I was able to run more than 165,000 airflow tasks!
But there's a catch. Not all the tasks were scheduled and rendered in a single Airflow Dag.
The problems I faced when I tried to schedule more and more tasks are that of scheduler and webserver.
The memory and cpu consumption on scheduler and webserver dramatically increased as more and more tasks were being scheduled (it is obvious and makes sense). It went to a point where the node couldn't handle it anymore (scheduler was using over 80GB memory for 16,000+ tasks)
I split the single dag into 2 dags. One is a leader/master. The second one being the worker dag.

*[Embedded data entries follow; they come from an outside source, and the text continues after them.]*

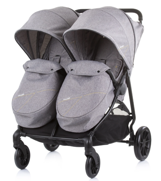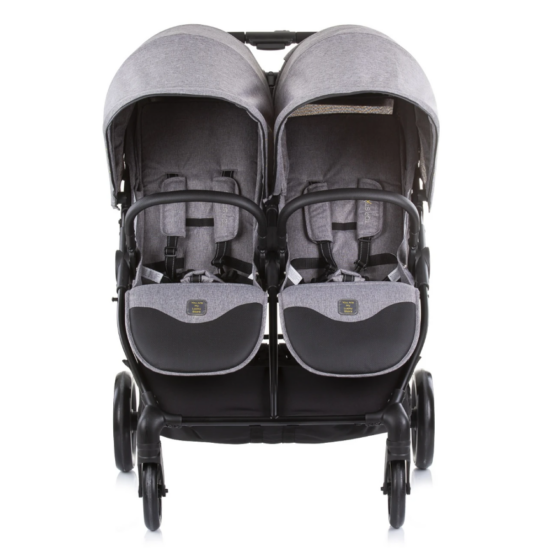 Căruciorul este potrivit pentru nou-născuți și copii cu greutatea de până la 15 kg. fiecare. Cadru clasic robust. Pliere usoara si compacta cu o singura mana. Spătarul fiecărui scaun este reglabil. Spătare cu mai multe poziții pentru fiecare scaun. Două huse detașabile separate pentru bara față, cu tapițerie din piele ecologică. Centuri de siguranta in 5 puncte cu umeri captusite pentru fiecare scaun. Două hote mari reglabile cu o secțiune suplimentară, suporturi pentru picioare reglabile. Mâner confortabil acoperit cu material de înaltă calitate. Două coșuri de depozitare separate. Toate roțile se desprind repede. Toate rotile cu suspensie. Roțile din spate cu pârghie de frână. Două huse pentru picioare moi. Geanta Mama pentru accesorii – buzunare convenabile si saltea de infasat. Caruciorul este fabricat in conformitate cu standardul european EN1888-1.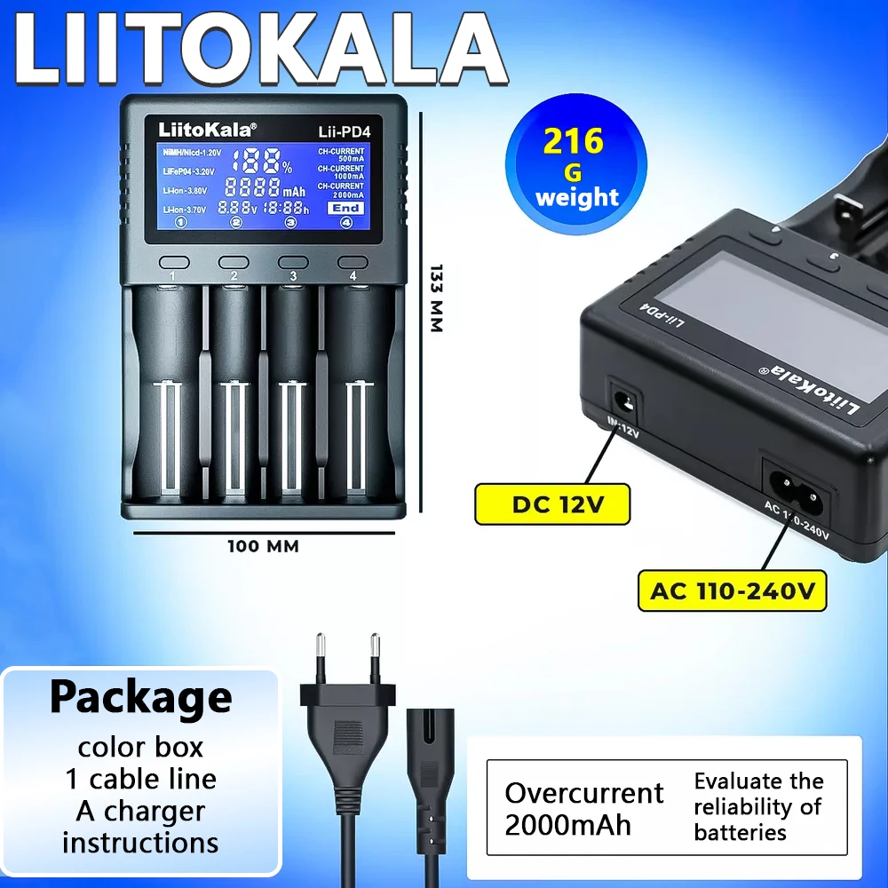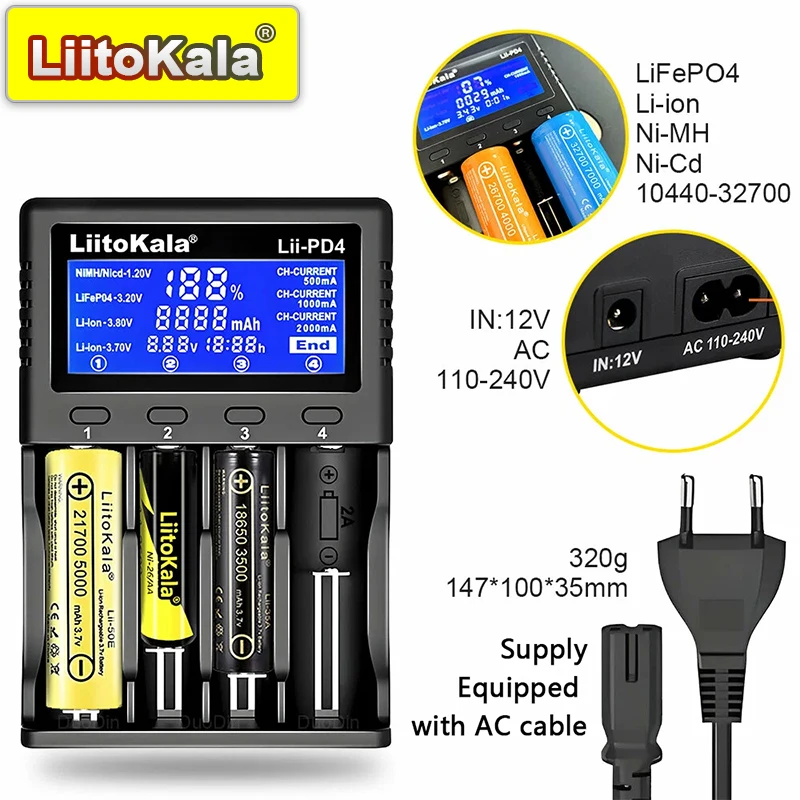 liitokala - LiitoKala LII-PD4 Smart Charger Universal für 18650 26650 21700 18350 AA AAA 3,7 V 3,2 V 1,2 V Lithium NiMH Batterie schnell sicher - bei de.aliexpress.com - aus Yadore Produktdaten Dieses Ladegerät mit 4 Slots und LCD-Anzeige ist ideal für Nutzer, die mehrere Akkus gleichzeitig laden möchten. ![]() LiitoKala Lii-PD4 4 slot LCD 18650 Batterie Ladegerät für 1,2 V 3,7 V Li-Ion 18650/18500/16340/26650/21700 /20700/18350 cr123a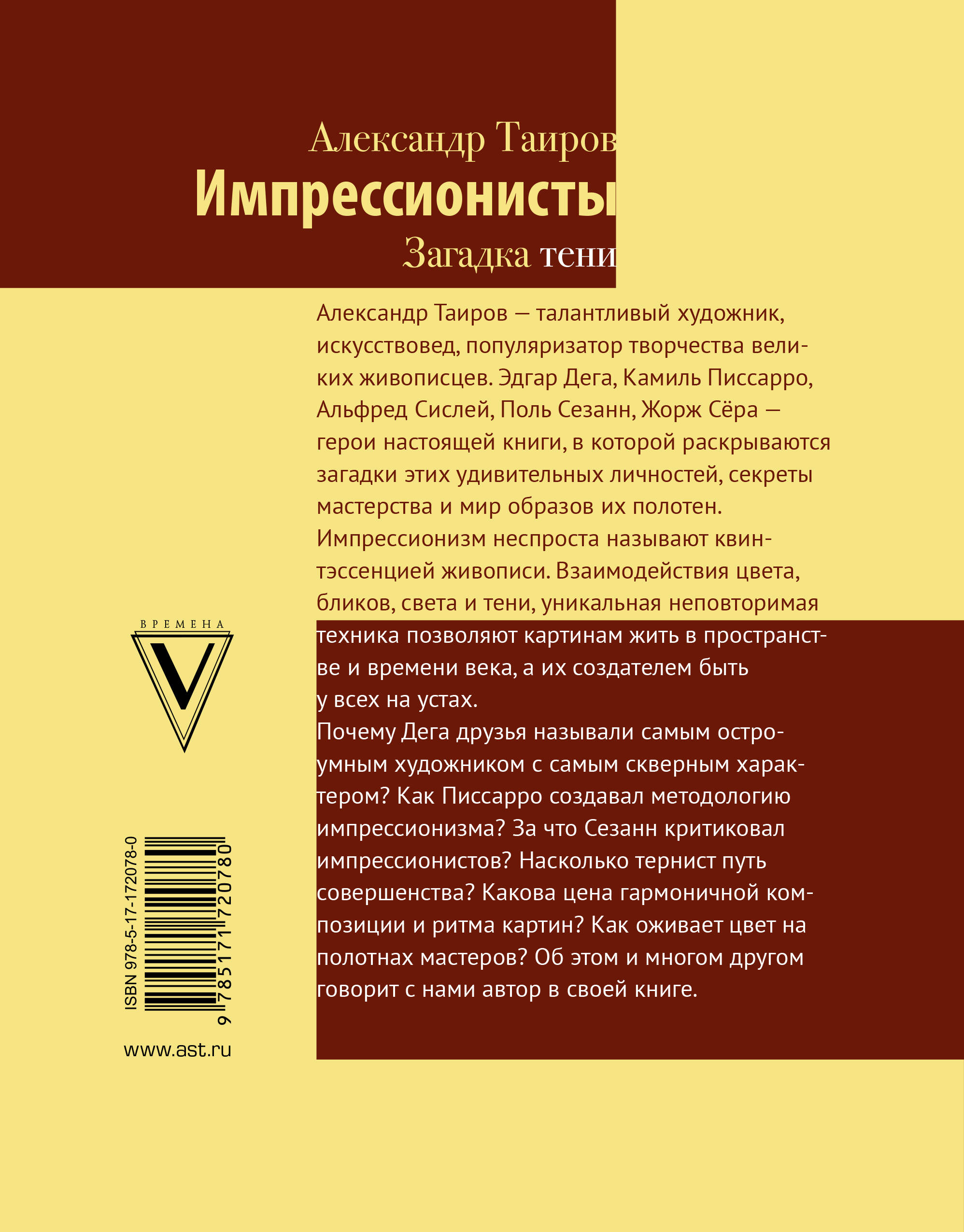 Александр Таиров - талантливый художник, искусствовед, популяризатор творчества великих живописцев. Эдгар Дега, Камиль Писсарро, Альфред Сислей, Поль Сезанн, Жорж Сёра - герои настоящей книги, в которой раскрываются загадки этих удивительных личностей, секреты мастерства и мир образов их полотен. Импрессионизм неспроста называют квинтэссенцией живописи. Взаимодействия цвета, бликов, света и тени, уникальная неповторимая техника позволяют картинам жить в пространстве и времени века, а их создателем быть у всех на устах. Почему Дега друзья называли самым остроумным художником с самым скверным характером? Как Писсарро создавал методологию импрессионизма? За что Сезанн критиковал импрессионистов? Насколько тернист путь совершенства? Какова цена гармоничной композиции и ритма картин? Как оживает цвет на полотнах мастеров? Об этом и многом другом говорит с нами автор в своей книге.

I have an airflow variable that says how many tasks to process at once (for example, num_tasks=10,000). Since I have over 165,000 tasks, the worker dag will process 10k tasks at a time in 17 batches.
The leader dag, all it does is trigger the same worker dag over and over with different sets of 10k tasks and monitor the worker dag run status. The first trigger operator triggers the worker dag for the first set of 10k tasks and keeps waiting until the worker dag completes. Once it's complete, it triggers the same worker dag with the next batch of 10k tasks and so on.
This way, the worker dag keeps being reused and never have to schedule more than X num_tasks
The bottom line is, figure out the max_number of tasks your Airflow setup can handle. And then launch the dags in leader/worker fashion for max_tasks over and over again until all the tasks are done.
Hope this was helpful.